Максимов нащупал тонкую кисть, сжал. Потащил девушку за собой.
Ближе к универмагу, смотрящему на людское безумие равнодушными глазами забранных в сталь витрин, толпа поредела настолько, что уже можно было не прокладывать себе путь локтями и ударами ног.
Менты в мышинного цвета куртках сбились вокруг одного, талдычившего в рацию:
– Торчки. Торчки у нас! Торчки, говорю!!
Максимов решил, что сейчас близость с ментами – не помеха. Торчки могли оказаться топтунами на первой стадии психоза. Оживут, с утробным воем начнут крутить адову карусель, вовлекая в безумие всех вокруг. Вот тогда уже будет не до смеха. Топтуны вытаптывали все живое вокруг. Только кинжальные очереди могли защитиь от крутящейся водоворотом толпы.
Он сбросил с плеча рюкзак. Нагнулся, сорвал завязку. Достал бутылку водки. Зубами сорвал пробку. Пахнуло спиртом.
«Молодца, бабка, не обманула!»
Максимов сплюнул прилипшую к губе золотинку. Сделал большой глоток. Водка оказалась жуткой. Но дело свое сдалала. Ухнула огнем в желудок, лавой пронеслась по венам и вспыхнула в мозгу, выжигая всю муть.
– Пей!
Максимов протянул бутылку девушке. Она затрясла головой.
– Пей, кому сказал!
Она осторожно поднесла горлышко к темным губам. Максимов подбил донышко, заставив водку плеснуться в приоткрытый рот. Девушка закашлялась. На меловый щеках выступил румянец.

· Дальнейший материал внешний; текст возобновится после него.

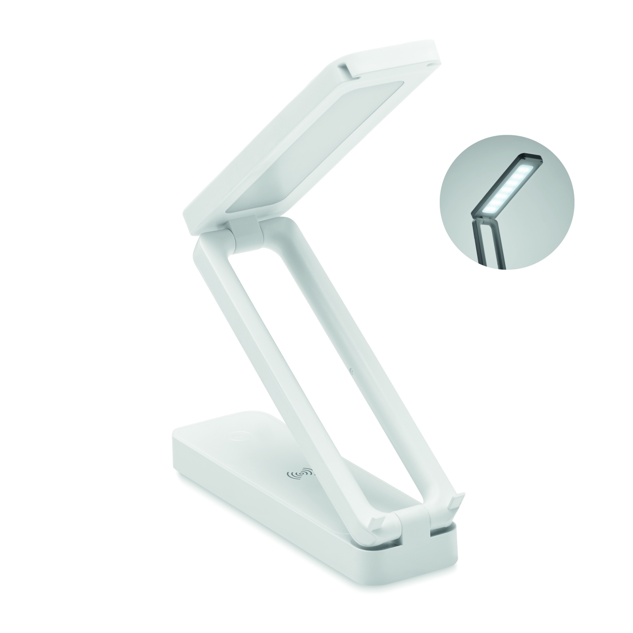 ABS foldable desktop lamp with 14 LED lights which has 3 brightness settings, a 10W wireless charger. Output: DC 9V/1.1A (10W) for quick charging. Compatible with latest Androids, iPhone® 8 and newer.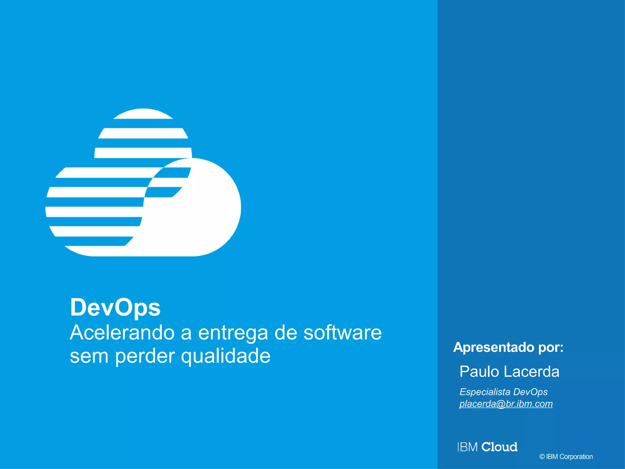 O documento apresenta os conceitos e desafios da entrega de software, a visão da IBM para DevOps e como a computação em nuvem e a entrega contínua podem ajudar a superar esses desafios. A agenda inclui tópicos como desafios da entrega de software, DevOps, computação em nuvem, desenvolvimento para nuvem e entrega contínua na nuvem.

– Все, живем! – удовлетворенно вздохнул Максимов. Потрепал девушку, согнувшуюся пополам, по выгнутой спине.
Менты, привлеченные ее хрипами и тихим матом, встрепенулись. Максимов показал им бутылку. Менты сразу же вспомнили инструкцию. Дружно достали из карманов плоские коробочки аварийных аптечек. Закинули в рты белые шарики. Переглянулись. Одни из командирской сумки выудил фляжку. Отпил сам, передал товарищам. Судя по реакции на выпитое, они решили усилить действие таблеток проверенным народным средством, прочищающим мозги.
Рация неожиданно рявкнула командным голосом:
– Ты, что, не знаешь, что делать?! Исполнить и доложить!!

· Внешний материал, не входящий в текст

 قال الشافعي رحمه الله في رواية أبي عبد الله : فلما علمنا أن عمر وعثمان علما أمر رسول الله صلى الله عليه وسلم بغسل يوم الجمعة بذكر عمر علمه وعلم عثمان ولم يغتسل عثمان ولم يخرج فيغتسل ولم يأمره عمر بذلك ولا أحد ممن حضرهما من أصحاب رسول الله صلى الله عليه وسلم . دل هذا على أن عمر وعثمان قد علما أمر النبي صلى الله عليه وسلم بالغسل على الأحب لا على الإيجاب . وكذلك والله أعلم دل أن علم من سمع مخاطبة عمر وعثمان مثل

Над площадью сразу в нескольких местах всплеснулись вскрики.
Интеллигентного вида гражданин, упирвашийся руками в забор, в двух шагах от Максимова, вдруг затрясся в судороге. Захрипел и, рухнул на асфальт. Тело продолжало биться в конвульсиях. Гражданин никак не хотел вырубиться.

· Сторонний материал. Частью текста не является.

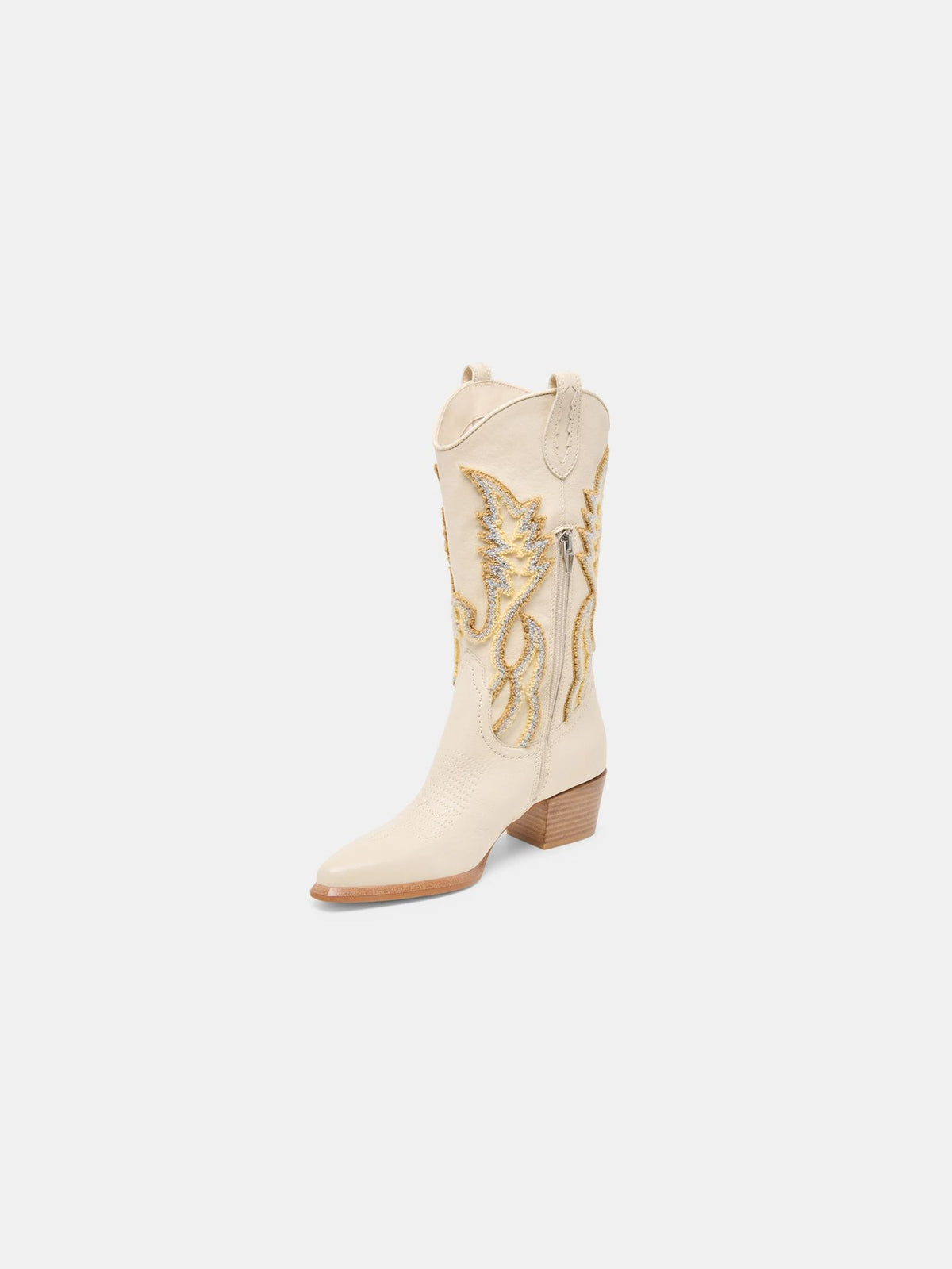 Step into the spotlight with the Dolce Vita Vila Western Boot, where sustainable style meets classic cowboy charm. These knee-high beauties feature intricate stitching, a stacked block heel, and a sharp pointed toe—plus handy pull tabs that make slipping them on a breeze. Perfect for channeling your inner cowgirl or just adding a playful, western flair to any outfit. Ready to ride or just strut your stuff? These boots have got you covered.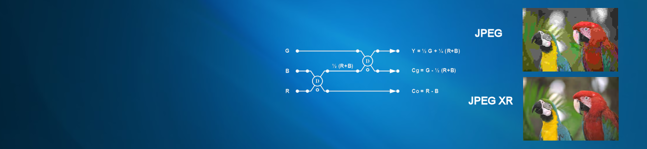 The still image compression format now known as JPEG XR (opens in new tab) has its roots at Microsoft Research. It started as the Progressive Transform Codec (PTC), which we designed back in 1999 as an alternative to JPEG 2000 (opens in new tab). The goal for PTC was to achieve a compression performance similar to that of JPEG 2000, but with a much lower (by ~ 3x) computational complexity, less than 2x that of the original low-complexity JPEG (opens in new tab)format. PTC was also designed with two new features that distinguished it from JPEG and JPEG 2000: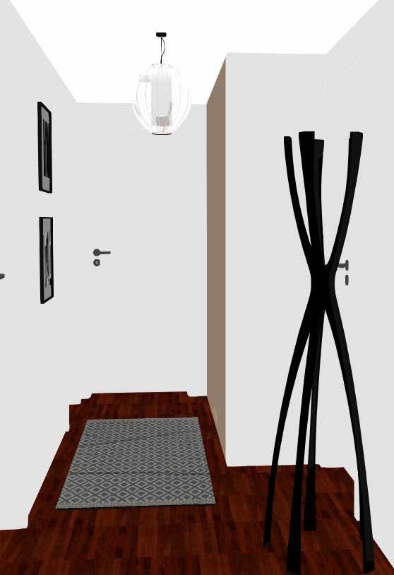 V předsíni byla navržena vestavěná skříň, také samostatně stojící věšák. Prostor je velmi malý, jsou v něm patery dveře, včetně vchodových.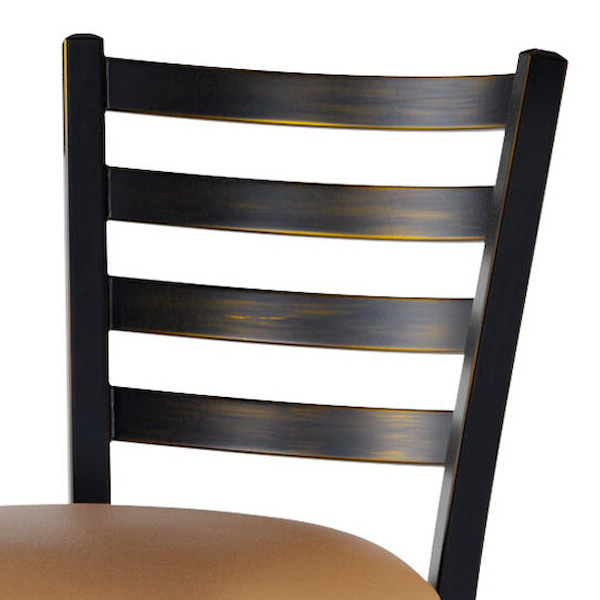This bar stool's sleek padded seat combines with its contemporary ladder back steel frame to instill a modern look in any location. Plus, since this bar stool's back is contoured for a customer's back, it will provide comfort while maintaining a distinct appearance.
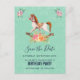 Tarjeta postal de save the date de fiesta con una imagen encantadora y caprichosa de un caballo de balancín antiguo con un ramo floral elegante en rosa y amarillo. El fondo es un patrón de damasco desgastado verde claro.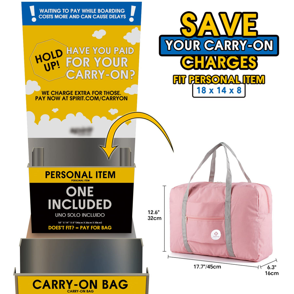 Narwey For Spirit Airlines Foldable Travel Duffel Bag Tote Carry on Luggage Sport Duffle Weekender Overnight for Women and Girls (1112 Pink)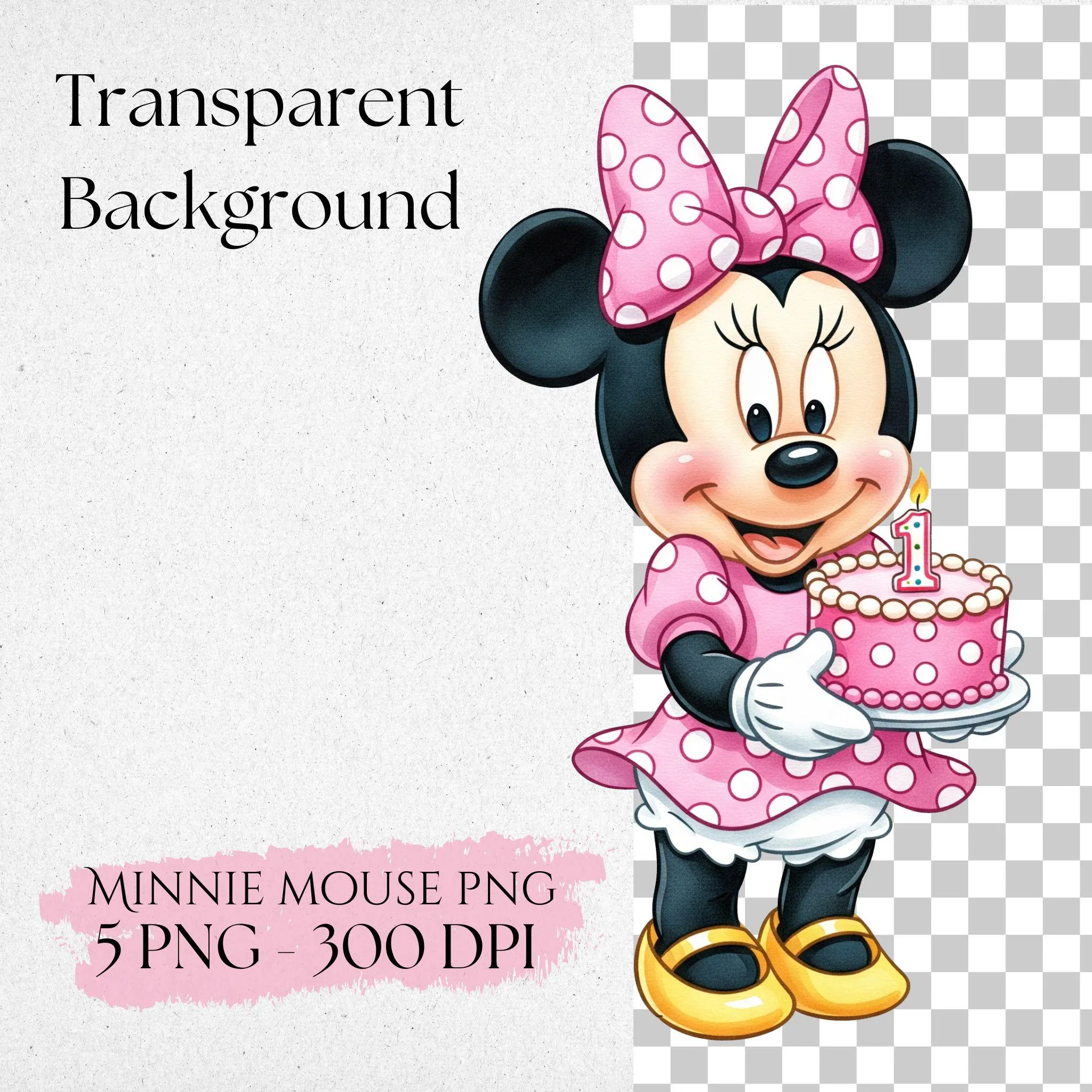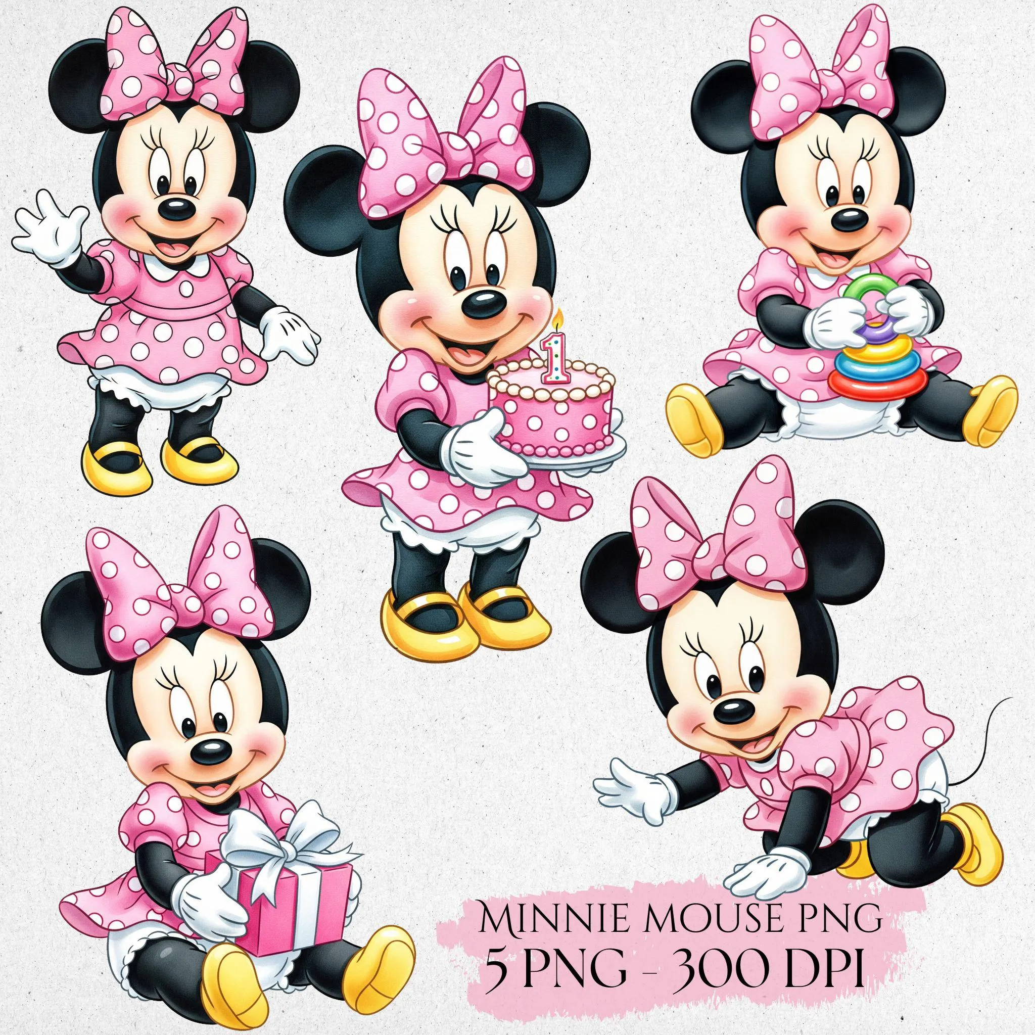 Baby Minnie Mouse Watercolor Clipart - Pink Bow Character PNG Bundle for Girl Birthday Decor

На трясущейся кисти прыгал стальной браслет.
«Торпедоносцев отключают. Сейчас начнется!»
Торчки были самой невинной психической заразой. Просто стояли в тупом столбняке. Не бесновались, не громили все вокруг, не бились в истерике, не орали благим матом церковные песнопения. Стояли, по головы увязнув в тухлом желе собственного безумия. От первого парализованного покорностью эпидемия распространялась мгновенно, как лучевой импульс атомной бомбы. Не успеешь глазом моргнуть, как уже стоит сотня истуканов. И если не принять экстренные меры, то через полчаса вырастет плотная толпа в несколько тысяч человек.
Страшен был именнополный паралич воли и чувств. Торчков не брали ни уговоры, ни удары дубинок, ни слезоточивый газ.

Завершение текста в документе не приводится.